_Information_
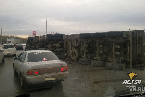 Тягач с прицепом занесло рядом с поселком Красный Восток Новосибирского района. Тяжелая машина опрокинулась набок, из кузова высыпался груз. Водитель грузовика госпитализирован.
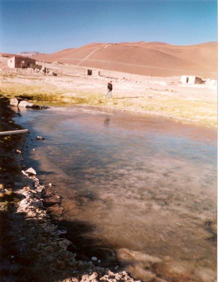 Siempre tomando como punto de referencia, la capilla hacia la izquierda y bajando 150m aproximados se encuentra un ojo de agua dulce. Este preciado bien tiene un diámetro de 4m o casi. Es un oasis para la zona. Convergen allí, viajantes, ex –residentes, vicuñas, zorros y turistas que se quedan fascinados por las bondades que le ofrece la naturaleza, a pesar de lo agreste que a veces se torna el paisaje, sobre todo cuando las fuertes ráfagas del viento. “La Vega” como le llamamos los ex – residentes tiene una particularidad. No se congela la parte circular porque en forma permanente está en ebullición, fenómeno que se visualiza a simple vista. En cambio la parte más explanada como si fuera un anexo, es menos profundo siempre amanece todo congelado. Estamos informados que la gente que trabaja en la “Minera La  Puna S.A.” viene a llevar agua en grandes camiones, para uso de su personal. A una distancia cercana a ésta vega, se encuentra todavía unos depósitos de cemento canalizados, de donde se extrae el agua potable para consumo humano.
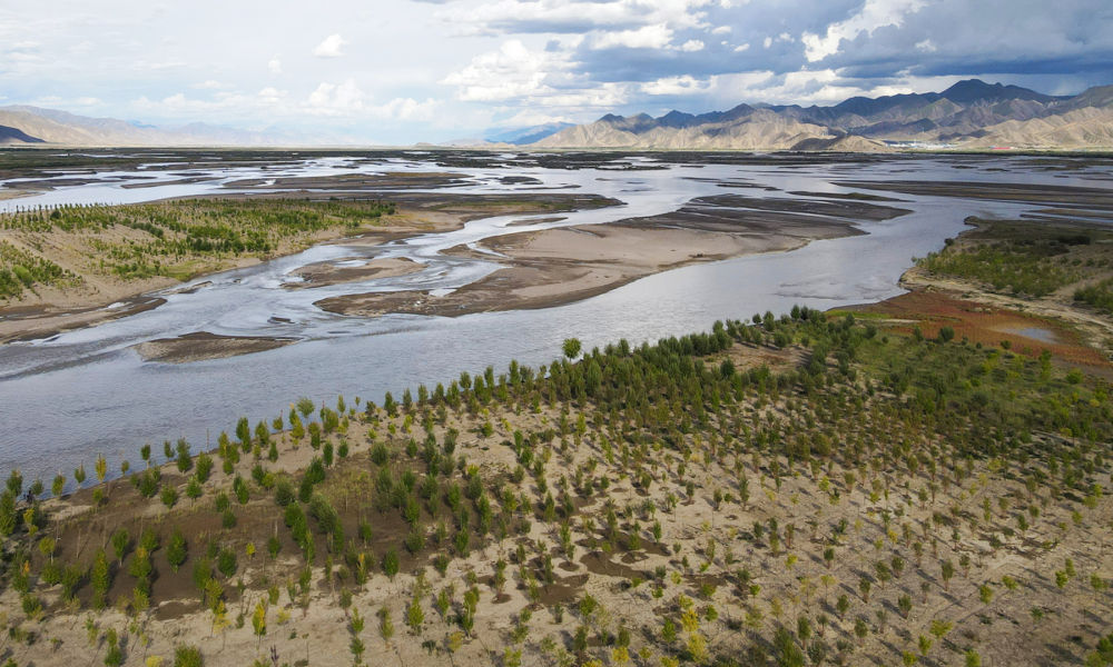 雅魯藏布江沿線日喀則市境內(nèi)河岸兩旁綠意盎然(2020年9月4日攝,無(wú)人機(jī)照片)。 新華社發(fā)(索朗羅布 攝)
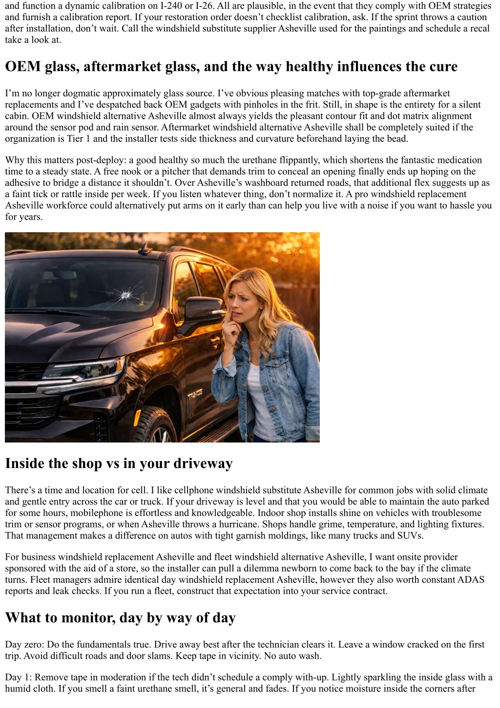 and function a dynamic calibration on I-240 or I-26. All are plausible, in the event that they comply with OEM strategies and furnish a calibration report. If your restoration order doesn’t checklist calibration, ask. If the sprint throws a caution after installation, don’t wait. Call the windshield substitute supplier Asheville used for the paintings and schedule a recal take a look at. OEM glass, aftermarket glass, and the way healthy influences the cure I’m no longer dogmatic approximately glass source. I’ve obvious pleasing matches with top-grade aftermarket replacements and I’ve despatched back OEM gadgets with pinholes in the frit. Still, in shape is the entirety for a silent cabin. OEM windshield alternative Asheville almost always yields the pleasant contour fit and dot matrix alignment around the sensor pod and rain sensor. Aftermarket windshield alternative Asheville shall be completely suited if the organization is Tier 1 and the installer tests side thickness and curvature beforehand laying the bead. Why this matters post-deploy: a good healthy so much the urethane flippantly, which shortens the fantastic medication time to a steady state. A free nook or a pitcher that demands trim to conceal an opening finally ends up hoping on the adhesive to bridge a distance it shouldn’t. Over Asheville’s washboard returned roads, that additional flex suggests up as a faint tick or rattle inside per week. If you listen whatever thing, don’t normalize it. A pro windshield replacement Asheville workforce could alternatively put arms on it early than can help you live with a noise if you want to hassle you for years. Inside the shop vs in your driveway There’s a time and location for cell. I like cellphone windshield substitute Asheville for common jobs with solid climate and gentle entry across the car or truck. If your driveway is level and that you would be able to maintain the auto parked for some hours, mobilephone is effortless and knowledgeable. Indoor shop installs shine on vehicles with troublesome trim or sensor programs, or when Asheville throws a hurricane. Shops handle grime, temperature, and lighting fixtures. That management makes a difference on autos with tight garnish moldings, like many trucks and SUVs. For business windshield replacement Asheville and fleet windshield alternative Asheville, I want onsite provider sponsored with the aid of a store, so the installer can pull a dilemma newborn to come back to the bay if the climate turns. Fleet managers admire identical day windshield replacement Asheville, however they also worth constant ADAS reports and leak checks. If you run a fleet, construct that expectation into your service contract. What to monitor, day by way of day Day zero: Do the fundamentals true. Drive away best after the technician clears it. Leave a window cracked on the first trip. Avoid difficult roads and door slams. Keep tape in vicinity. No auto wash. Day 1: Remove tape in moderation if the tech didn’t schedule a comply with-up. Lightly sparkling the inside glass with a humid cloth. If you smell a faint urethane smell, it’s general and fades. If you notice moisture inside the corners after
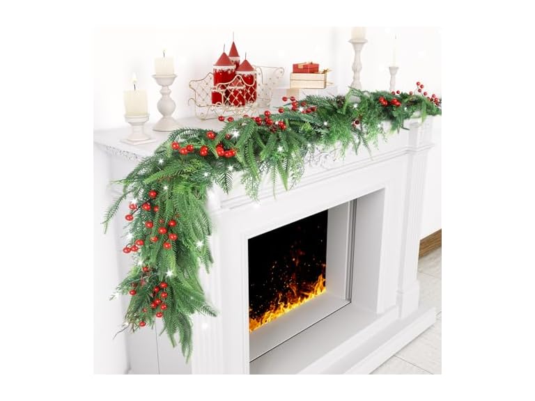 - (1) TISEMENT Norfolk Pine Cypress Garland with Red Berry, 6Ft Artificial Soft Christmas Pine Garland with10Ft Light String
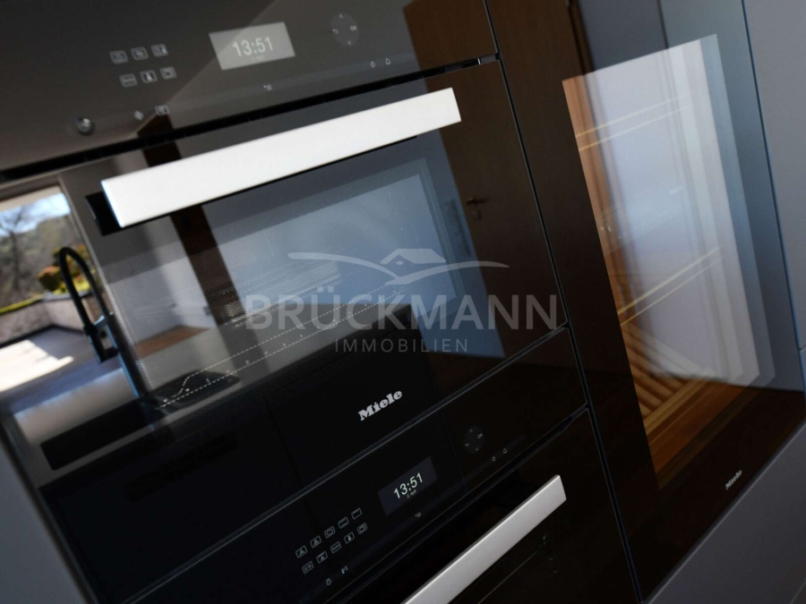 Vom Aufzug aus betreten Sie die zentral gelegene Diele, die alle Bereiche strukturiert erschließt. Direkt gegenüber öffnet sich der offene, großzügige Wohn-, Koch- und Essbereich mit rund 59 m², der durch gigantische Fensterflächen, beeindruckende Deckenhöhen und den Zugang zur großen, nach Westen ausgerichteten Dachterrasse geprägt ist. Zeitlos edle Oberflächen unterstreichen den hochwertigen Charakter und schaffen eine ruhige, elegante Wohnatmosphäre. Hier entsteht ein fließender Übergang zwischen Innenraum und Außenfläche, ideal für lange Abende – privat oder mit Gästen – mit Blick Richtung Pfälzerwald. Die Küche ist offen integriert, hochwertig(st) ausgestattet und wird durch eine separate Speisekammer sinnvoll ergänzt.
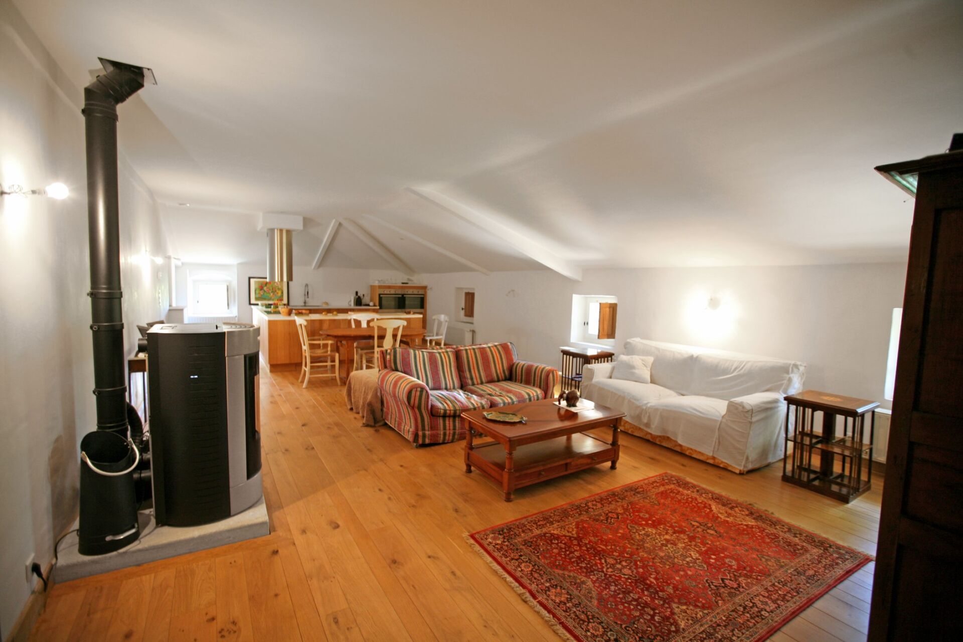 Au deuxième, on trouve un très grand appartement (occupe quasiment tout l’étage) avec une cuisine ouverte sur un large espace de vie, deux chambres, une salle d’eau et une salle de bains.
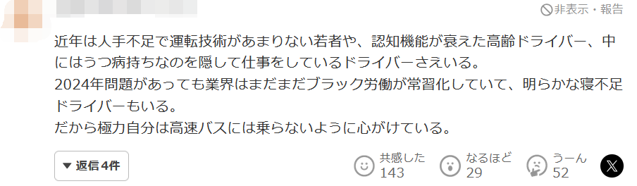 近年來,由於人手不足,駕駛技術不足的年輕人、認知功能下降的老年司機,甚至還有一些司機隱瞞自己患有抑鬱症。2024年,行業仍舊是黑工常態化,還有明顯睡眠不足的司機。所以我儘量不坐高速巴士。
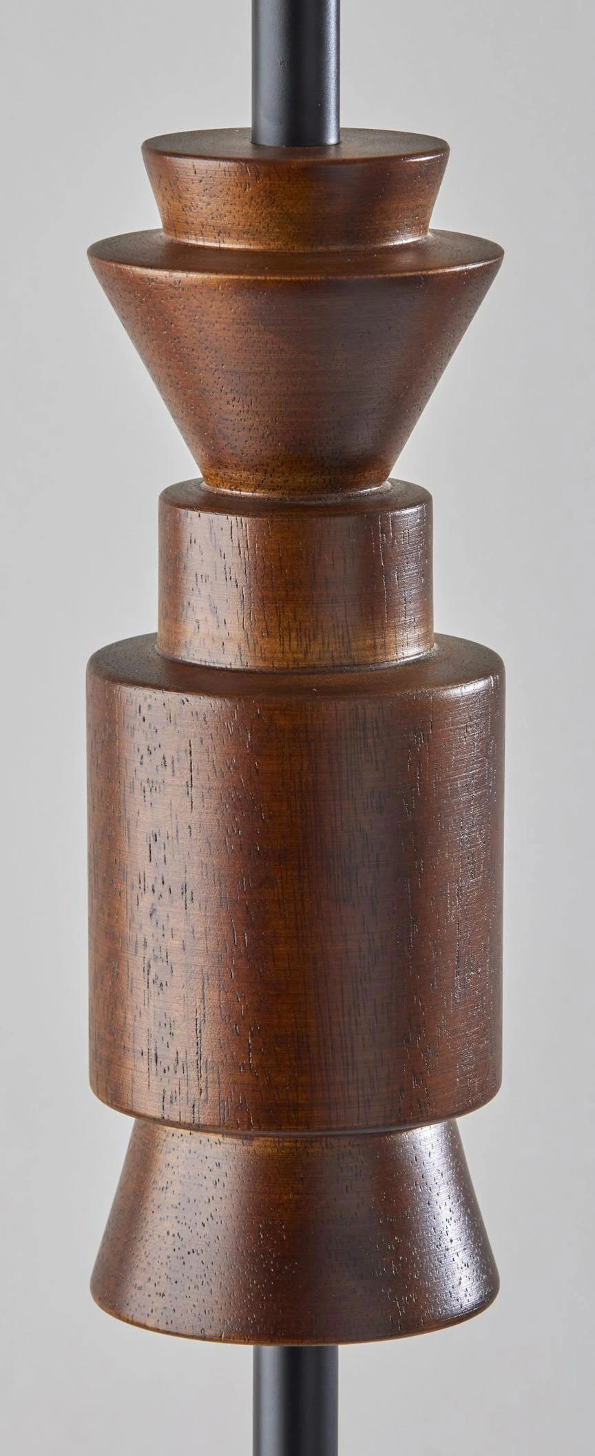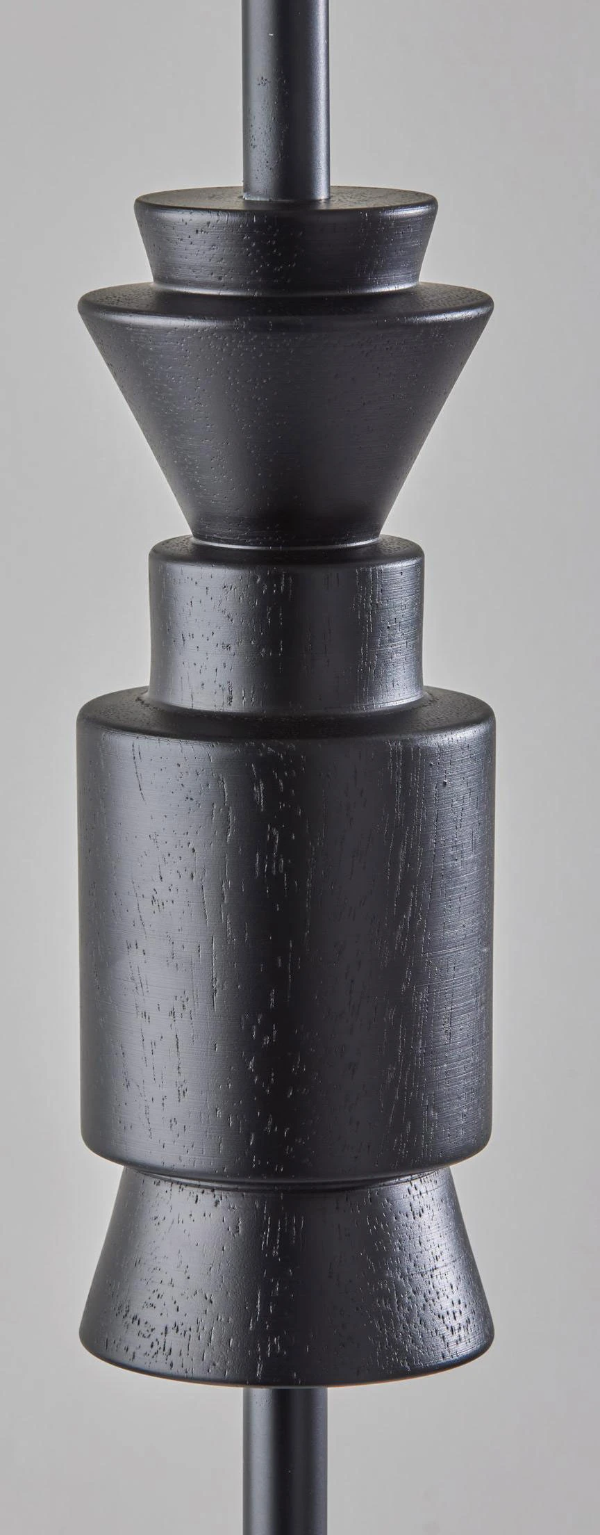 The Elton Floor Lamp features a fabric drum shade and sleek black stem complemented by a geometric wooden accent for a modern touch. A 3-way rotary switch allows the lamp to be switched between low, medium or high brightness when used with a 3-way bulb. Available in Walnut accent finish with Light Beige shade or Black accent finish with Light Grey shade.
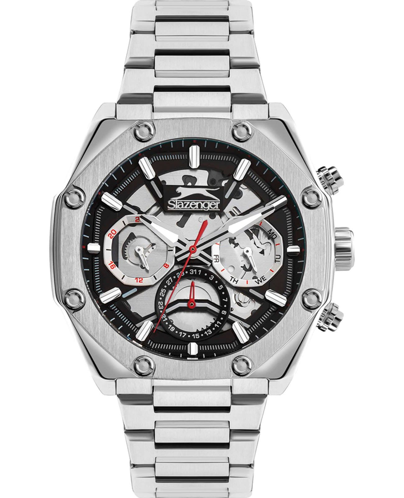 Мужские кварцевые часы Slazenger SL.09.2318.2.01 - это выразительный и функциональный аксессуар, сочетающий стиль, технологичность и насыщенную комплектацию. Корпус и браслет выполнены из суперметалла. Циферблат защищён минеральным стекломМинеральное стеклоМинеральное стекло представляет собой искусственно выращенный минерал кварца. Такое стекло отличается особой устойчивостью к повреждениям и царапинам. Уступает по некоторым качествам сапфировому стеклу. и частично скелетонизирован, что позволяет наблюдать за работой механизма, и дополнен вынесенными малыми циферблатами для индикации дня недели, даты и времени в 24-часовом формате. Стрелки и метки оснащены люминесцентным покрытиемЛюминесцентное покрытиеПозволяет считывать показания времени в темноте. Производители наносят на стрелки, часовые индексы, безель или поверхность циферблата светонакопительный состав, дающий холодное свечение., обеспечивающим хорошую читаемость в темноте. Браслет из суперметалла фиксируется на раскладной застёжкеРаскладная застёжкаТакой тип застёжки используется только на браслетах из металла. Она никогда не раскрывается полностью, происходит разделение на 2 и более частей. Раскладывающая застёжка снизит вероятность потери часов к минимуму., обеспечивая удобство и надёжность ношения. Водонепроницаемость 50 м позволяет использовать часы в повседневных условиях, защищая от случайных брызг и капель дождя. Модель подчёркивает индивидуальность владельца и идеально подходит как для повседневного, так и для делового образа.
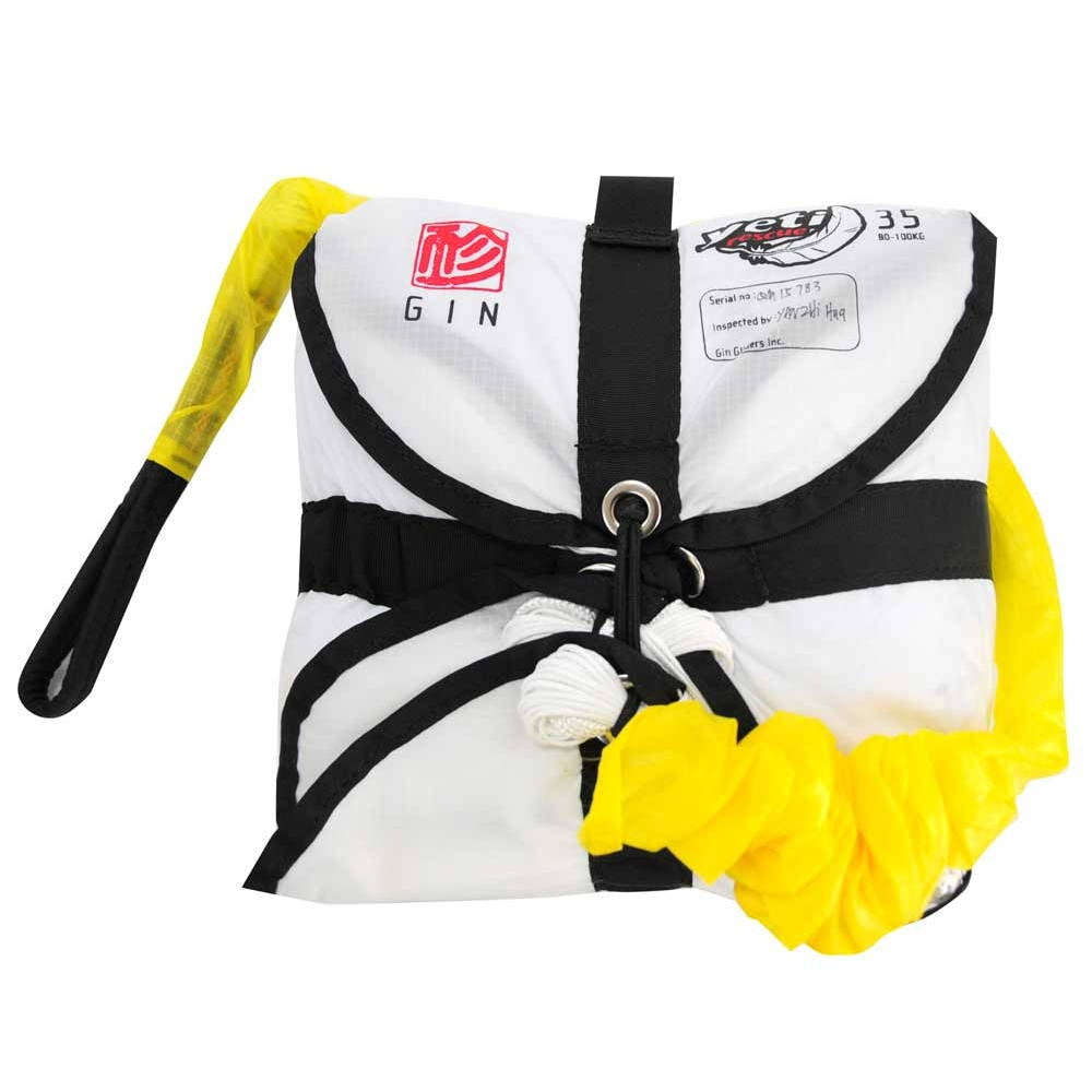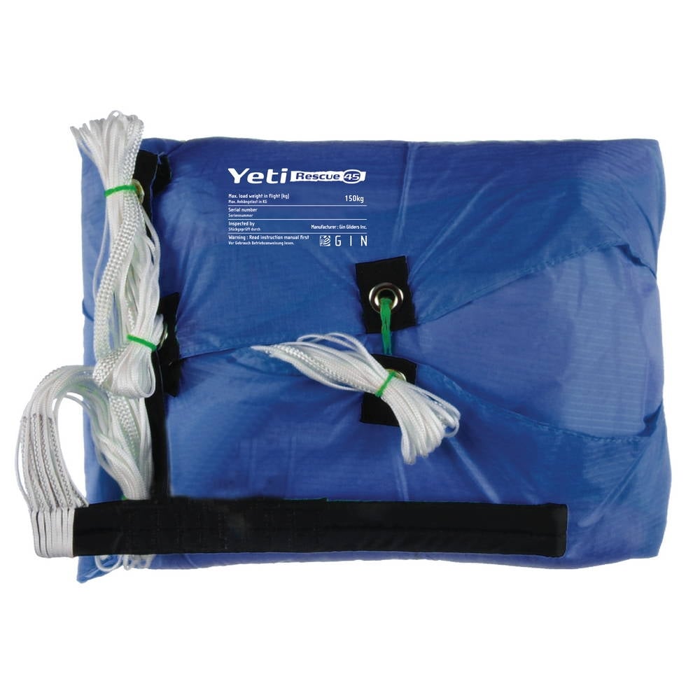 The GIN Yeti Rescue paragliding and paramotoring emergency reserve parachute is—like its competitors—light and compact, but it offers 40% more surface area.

_Exercise objective_
Starting at the line that contains "Au deuxième, on" and ending at the line that contains "近年來,由於人手不足,駕駛技", transcribe the material above exactly, excluding pictures.

_Answer box_
 Au deuxième, on trouve un très grand appartement (occupe quasiment tout l’étage) avec une cuisine ouverte sur un large espace de vie, deux chambres, une salle d’eau et une salle de bains.
 近年來,由於人手不足,駕駛技術不足的年輕人、認知功能下降的老年司機,甚至還有一些司機隱瞞自己患有抑鬱症。2024年,行業仍舊是黑工常態化,還有明顯睡眠不足的司機。所以我儘量不坐高速巴士。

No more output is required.